Listen Live!
join BAW
forgot password
LIFE
WORK
PLAY


blAck americaweb.com

Commentary: Are Today’s Scantily-Clad Prom Attendees Making a Statement? If So, What Are They Saying?

Date: Thursday, May 22, 2008
By: Gregory Kane, BlackAmericaWeb.com

“Hello, world! I’m a tramp!”

That had to be the statement young Marche Taylor was trying to make when she showed up at her senior prom in Houston earlier this month. The dress she wore has been described in the news media as “skimpy,” but believe me, we journalist types are being way too kind.

I mean, have you seen this thing she wore -- and then had the nerve to try and get into a prom? (She never made it; she caused a ruckus and cops had to take her away in handcuffs.)

Earth to Marche (pronounced “mar-shay,” according to some news broadcasts I’ve heard): proms are by definition a school function. And schools have a thing we call dress codes. And no school in the country -- Lord knows, I hope I’m right about this -- has a dress code that allows young women to attend school functions looking like $20 hookers.
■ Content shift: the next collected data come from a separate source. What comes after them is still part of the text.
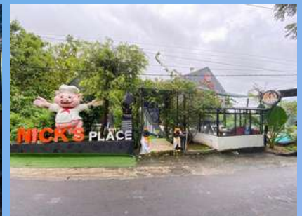
now move to new place in 2021
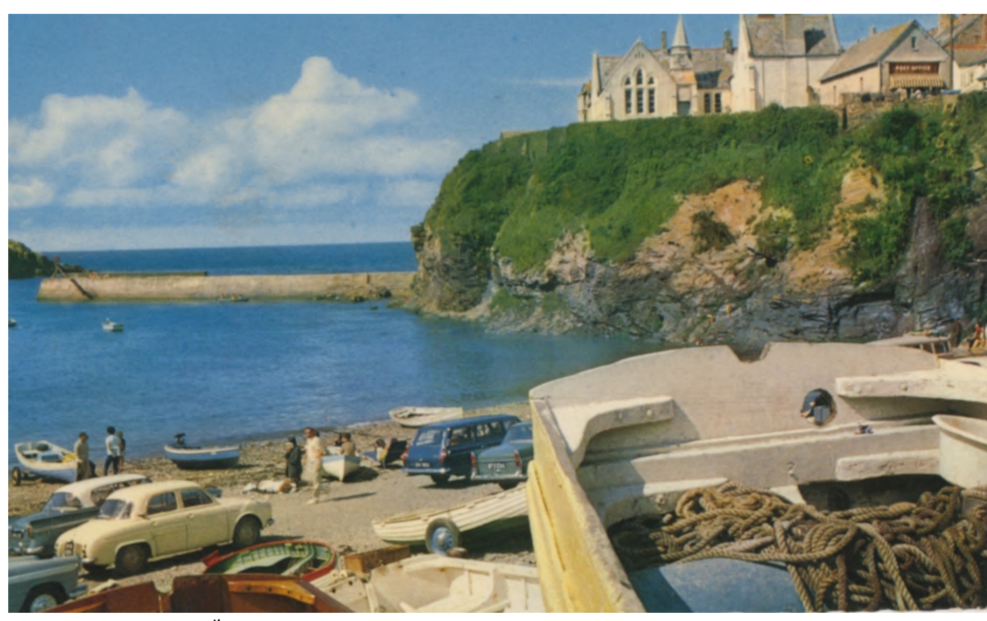
1957 - "Rose and Iris have gone to visit a castle on top of a cliff but it looked too dangerous for me"
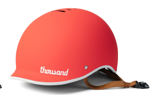
DAYBREAK RED $89
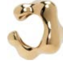
“This is my first Paris piece and I receive so many compliments whenever I wear these earrings. They immediately add dimension to your outfit, no matter what you're wearing.” PARIS EAR CUFF, $280 (SINGLE), SSENSE.COM
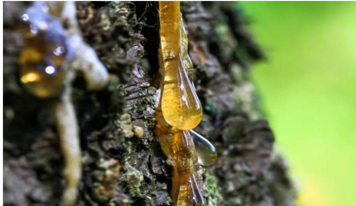
Figure 1: Neem Gum
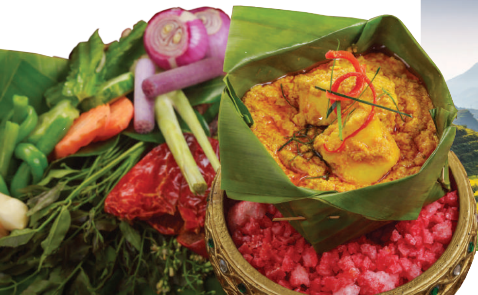
Below, from left: A traditional Cambodian dish called fish amok; terraced rice fields in Muong Hoa Valley in Sapa, Vietnam

CULINARY Cooking classes, food tastings and discovering the flavours of tribal food in Kachin, Wa, Shan and Rakhine. The first episode of Myanmar Masterchef was a huge
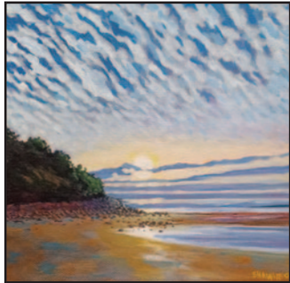
"Plum Island Sunrise" by Shawne Randlett
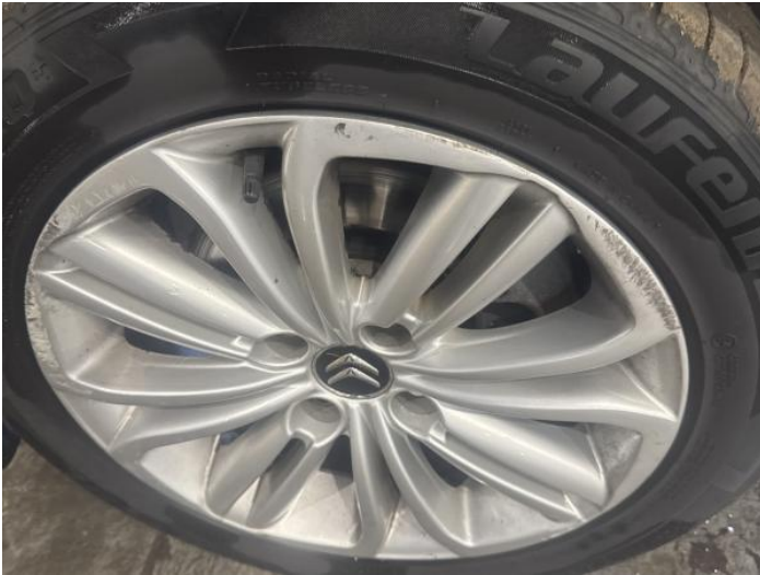
3: Wheel osf Scratched Over 50mm
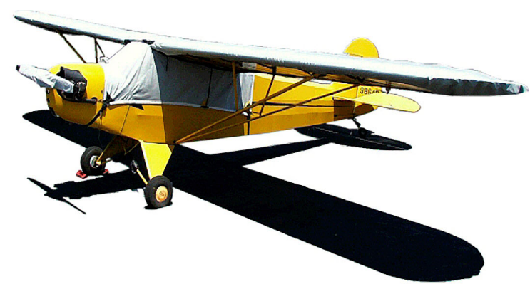
Piper J3 Canopy, Wing and Prop Covers

This cover type is made from Silver Acrylic Sunbrella canvas and is 100% lined with a soft and smooth microfiber. Bruce's Custom Covers developed this material combination especially for aircraft protection. The outer material is medium weight and treated for water resistance, UV resistance and anti-static buildup. The inner lining is a very soft and smooth microfiber to prevent scratching. The material is very reflective, and tests show that the cabin interior temperature can be reduced to near-ambient temperature on the hottest of days. It is water, ice and snow repellent, yet breathable to allow moisture to escape from between the cover and the aircraft surface.
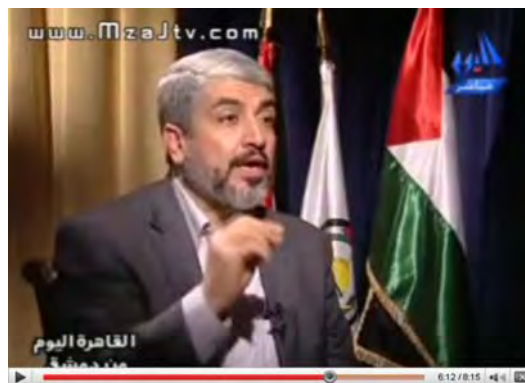
Khaled Mashaal, head of Hamas’ political bureau interviewed by Egyptian TV (Al-Yawm TV, January 26, 2010).

● Internal Palestinian reconciliation: He claimed that Hamas adhered to [the idea of] national reconciliation and expected Egypt to join it in examining its reasons for refusing to sign the Egyptian reconciliation initiative. He rejected the Palestinian Authority’s claims that Hamas refused a reconciliation, saying that “if Hamas were happy with the current situation, why would it go to Cairo for a round of talks?”
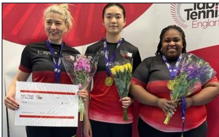
Premier Division: Fusion
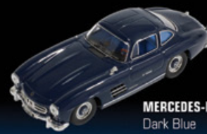
MERCEDES-BENZ 300 SL Dark Blue 1955 CLC 245 1/43
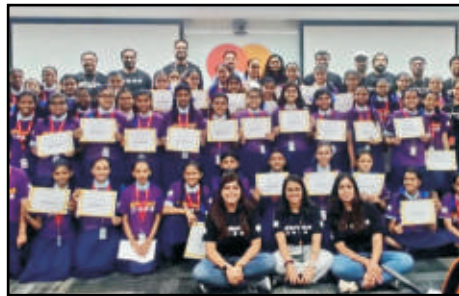
'Girls 4 Tech' session inquired based activities through STEM principles conducted by Mastercard for girls of std. VIII
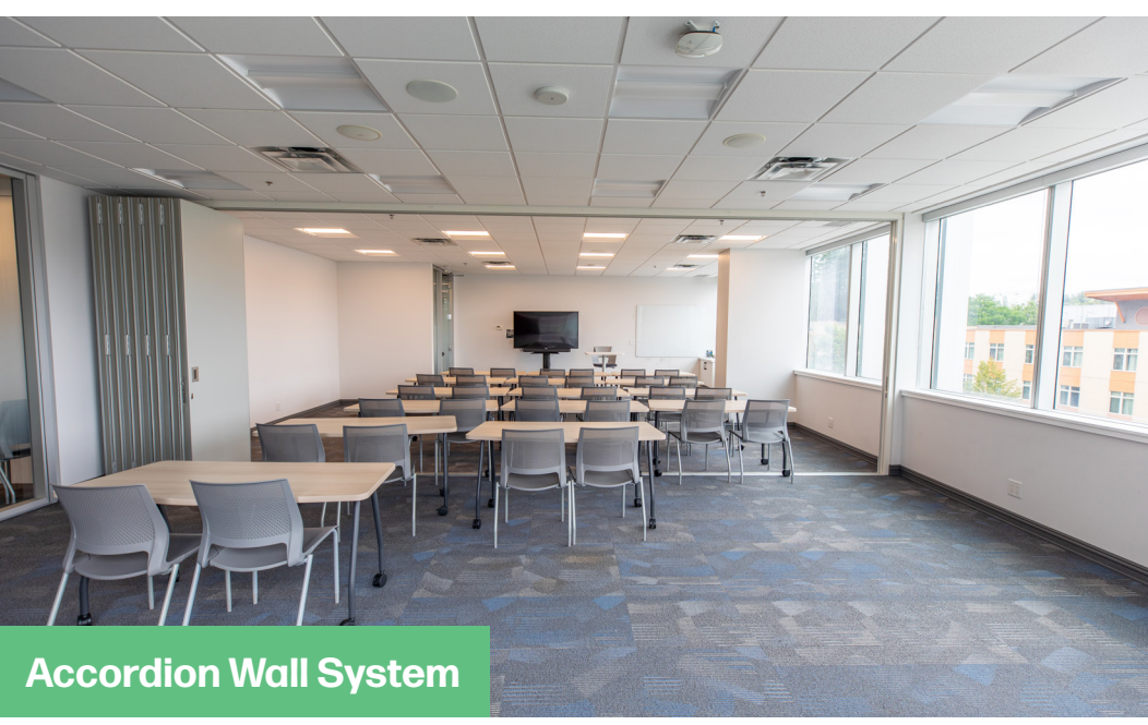
Accordion Wall System
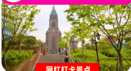
网红打卡景点 INSTAGRAMMABLE SPOT

明洞大教堂是韩国第一座哥特式天主教堂，具有深厚的历史与文化意义，是明洞地区的标志性建筑和热门打卡点。
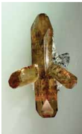
Fig. 7. Calcite pisolites (cave pearl) in calcite "basin". Formed within approximately 7 years in an abandoned mine. Belorechenskoye mine, Adygei republic, Russia. Donation by Mikhail M. Moiseev & Viktor V. Levitskiy. № OP-2501.
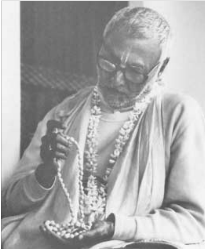
His Divine Grace Śrīla Śrīdhara Mahārāj chanting the Hare Krishna mantra softly on the tulasī beads of the japa-mālā .

order. We must not think that He is made of material stuff. When we go and stand before the Deity, we should not think that we can see Him, but that He is seeing us. He is in the subjective plane; I am His object.

And that’s exactly how Marche looked, sporting a dress that came mid-thigh and exposed her entire midriff. But Marche trying to slip that garb pass prom chaperones isn’t the shocking thing. What really boggles my mind is that Marche’s parents apparently let her leave the house wearing that get-up.

My daughter’s senior prom was 18 years ago, and she knows to this day she would never have even tried to pull the stunt Marche pulled. My daughter knows if she’d even dreamed of wearing a dress like that, I’d have slapped her eyes around to the back of her head.

But I can hear Marche’s defenders now, can’t you? “This is the year 2008. Times have changed. Prom attire isn’t what it used to be.”

Times may have changed, but people with good sense haven’t. Some of us still cling to the notion that people should know when, where and how to dress appropriately. That’s why we’re so hard on the young brothers who love to wear their pants down on their butts exposing their underwear. It’s a style of dress right out of the nation’s prisons, one that says “I bend over and grab my ankles for my cell mate and wash out his underwear for him too.”

Well, we old fuddy-duddies may not have been able to put the kibosh on that “fashion” statement, but at least one high school in Houston managed to draw the line at prom attire. But judging from what I see when I Googled “ghetto prom,” Marche’s school might be the exception.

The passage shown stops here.